Inform a popular audience about the origins and facts of the First World War

Our Solution

Four tightly scripted films tackle the overview down to trenches-view using archive and graphics


The films have since got many thousands of views on

“How can we give the general public a starting point in a complex subject?”

We made four videos for the BBC’s 100th Anniversary of the outbreak of WWI, done in the Explainer format that we developed for BBC Knowledge and Learning — videos that take complex ideas and communicate them to a general audience. 

Editorially, these films work from the macro view of the war with Overview, focussing in on The Origins and then a deeper view to The Trenches, with The Somme as the most granular view. It was interesting to work at different paces and densities of information. The Overview makes the most of every second whereas The Somme is respectfully paced.

WWI Overview

This film weaves together the key events and conclusions of the war. We had to edit heavily – both events and detail to create a coherent story.

The Origins of WWI

The origins of WW1 are a famously complex network of linkages, actions, and effects. Key to this film was presenting the actors, motivations, and eventual conditions that sent them to war.

The Trenches

The Trenches was centred on the lives of the men at the Front and different parts of the theatre. It was important to combine the objective, diagrammatic architectural plans of the trench system with photos and film that humanised the men living and dying there.

The Somme

This and The Trenches operate at a more micro level than the macro of Overview and Origins. The Somme is a solid telling of the events of a very bloody battle, but editorially we challenged the ‘total failure’ aspect alongside the facts and figures.

The making of ...

These videos depended more heavily on footage and photography than previous films. We spent a couple of months researching at the archives of the Imperial War Museum to source original and compelling footage. We uncovered some fairly strong pictures that haven’t been in the public eye. Editorially, we felt that these would be interesting and robust, but given the BBC Producer Guidelines on depictions of dead people, we had to consider that fairly young children would be watching these videos. 

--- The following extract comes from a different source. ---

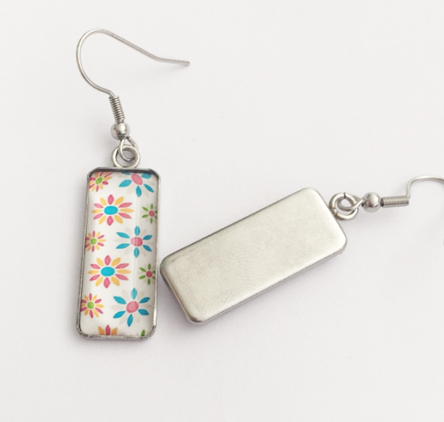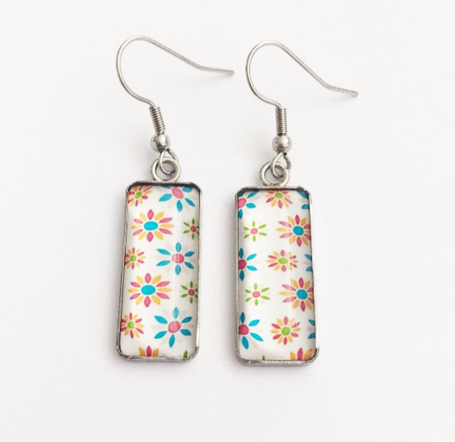 Colourful Flowers Drop Earrings Brighten your look with these playful and vibrant drop earrings, featuring a lively pattern of colourful stylised flowers. Crafted with stainless steel hooks and backs, each pendant is topped with a glossy glass dome and measures approx. 25mm x 10mm. Rubber back stoppers are included to keep them secure throughout the day.

There is a fair amount of locative explanation here and we wanted the maps to aid the complex explanation of the interwoven sides, treaties and conditions of the outbreak of the war. We avoided using thematic maps with lots of ‘dead soldier’ numbers overlaid. We felt that the whole package communicated the sacrifice and icons of dead solders or sized-bubbles would be glib.

Our map of Europe needed basic colour style guides as well as a flexibility that would allow both macro-strategic and location-based data on top.

We worked on ‘pull-out’ and ‘zoom’ detail styles. WWI is a story of micro moments with macro effects and to be zooming in and out and around too much would be distracting. We needed to be able to point out detail while maintaining the larger global flow of the narrative.